Elle a ensuite suivi une formation d'assistante commerciale, a travaillé chez [7] quelques mois avant de retrouver un poste de négociatrice immobilière correspondant à sa carrière professionnelle. Actuellement et ce depuis quelques années. Mme [E] va bien psychologiquement malgré son handicap reconnu entre 50 et 80 %, ses gonalgies chroniques et sa très lourde intervention chirurgicale vertébrale. Elle ne prend plus le traitement antidépresseur depuis des années et prend juste un peu de Seresta le soir du fait des douleurs pour dormir. Elle a réussi à se sortir de la morphine avec l'aide d'un addictologue en 7/8 mois. Elle est parfaitement stable physiquement et psychologiquement depuis fin 2017 en gardant des séquelles physiques importantes'.
Il s'évince de ces derniers éléments postérieurs aux décisions des CRRMP désignés, qu'il n'apparaît pas que les facteurs la vie privée retenus, notamment par le CRRMP du Limousin-Poitou-Charentes, sont de nature à expliquer à eux seuls la survenue de la pathologie de Mme [E] au regard de leurs caractères anciens et résolus alors que le seul événement contemporain de la déclaration de la maladie querellée tient aux conditions de travail de l'assurée qui l'ont conduite à un état d'épuisement physique et psychologique non contesté.
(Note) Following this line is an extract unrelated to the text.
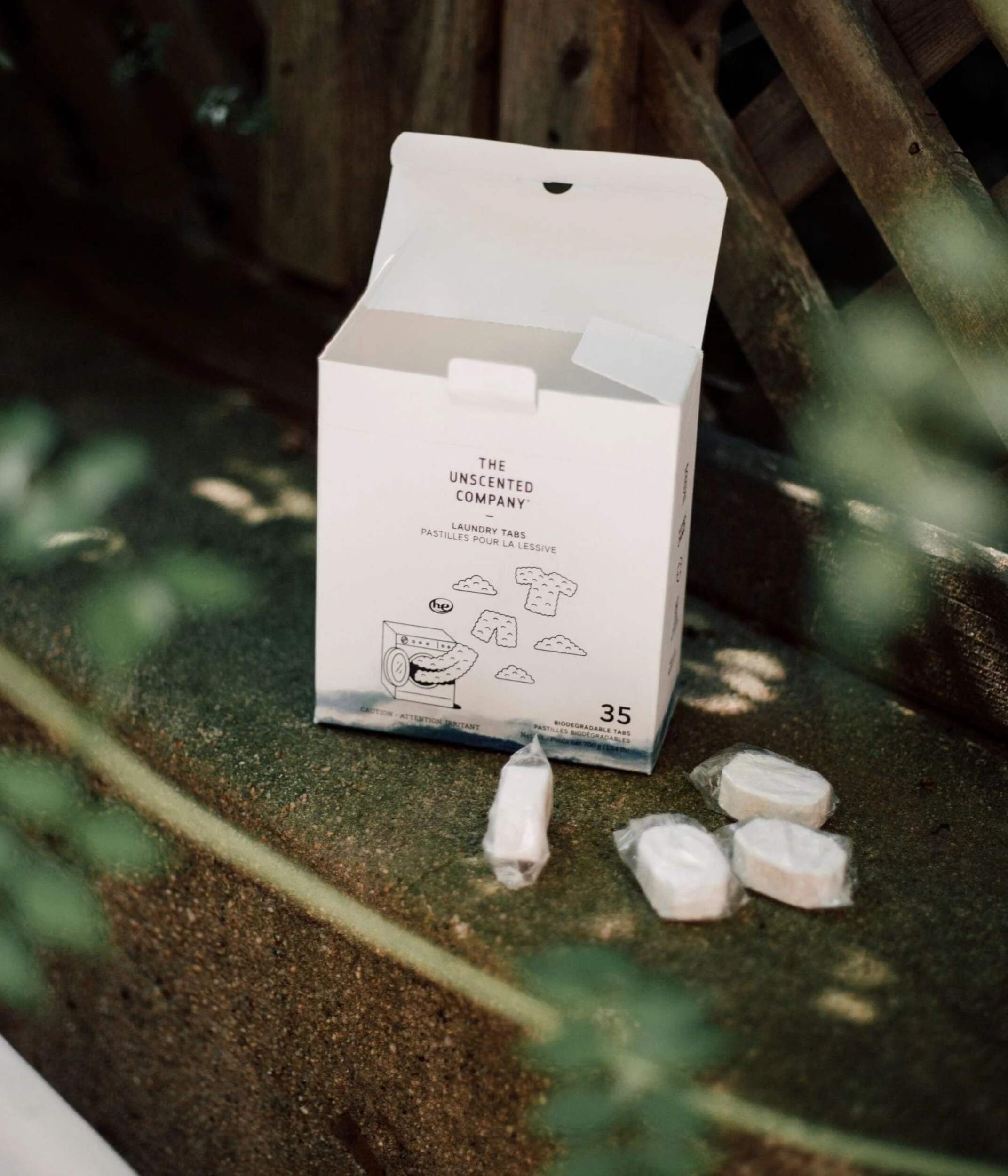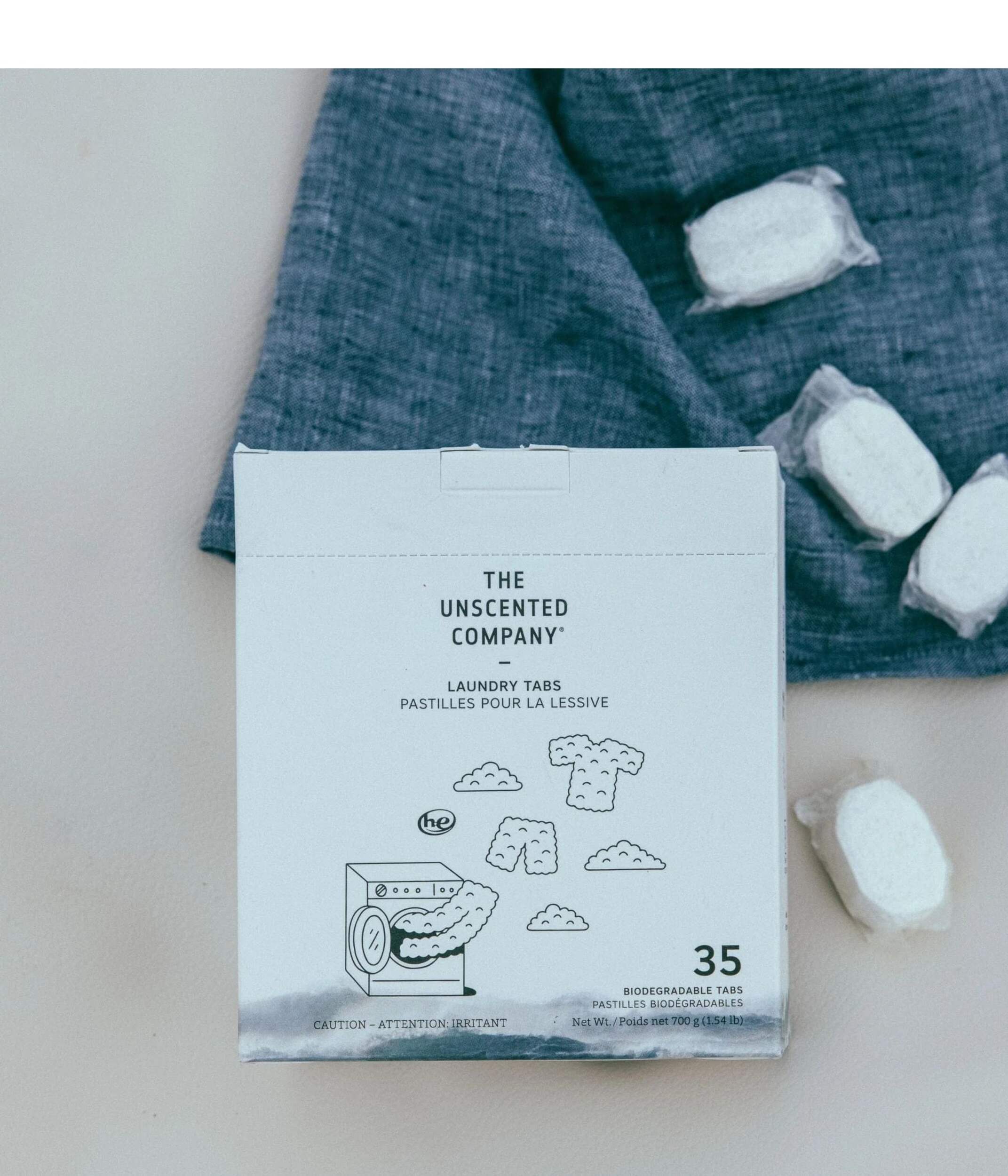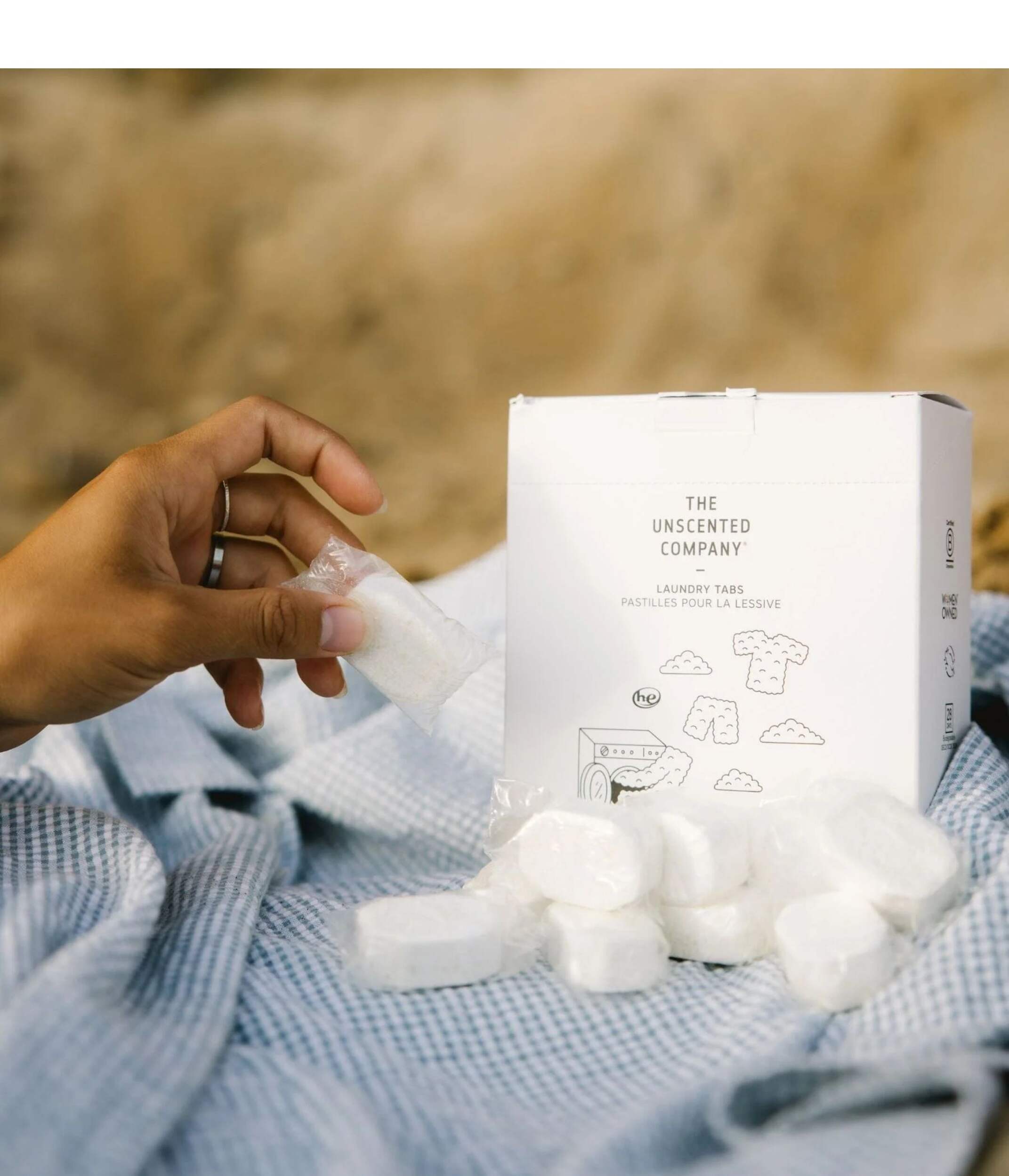 Pastilles de détergent à lessive sans plastique The Unscented Company sans parfum ou colorant qui laisseront vos vêtements si doux que vous vous demanderez comment vous avez pu vous en passer

Il en résulte que le caractère essentiel et direct du lien de causalité entre le burn out de Mme [E] et la pathologie déclarée est avérée, de sorte que celle-ci doit être reconnue comme une maladie professionnelle.
Le jugement entrepris sera donc infirmé de ce chef.
- Sur les demandes accessoires
La décision déférée sera réformée en ses dispositions relatives aux dépens.
Partie succombante, la caisse sera condamnée aux entiers dépens de première instance et d'appel ainsi qu'à payer à Mme [E] la somme de 1 000 euros sur le fondement de l'article 700 du Code de procédure civile.
PAR CES MOTIFS:
Statuant par mise à dispostion au greffe, par arrêt contradictoire et en dernier ressort,
Infirme le jugement du 16 novembre 2021 du Pôle social du tribunal judiciaire de Châteauroux en toutes ses dispositions ;
Statuant à nouveau et y ajoutant :
Dit que la pathologie déclarée par Mme [P] [E] le 9 février 2017 est d'origine professionnelle avec toutes conséquences de droit ;
Condamne la caisse primaire d'assurance maladie de l'Indre à verser à Mme [P] [E] la somme de 1 000 euros sur le fondement de l'article 700 du Code de procédure civile ;
Condamne la caisse primaire d'assurance maladie de l'Indre aux dépens de première instance et d'appel.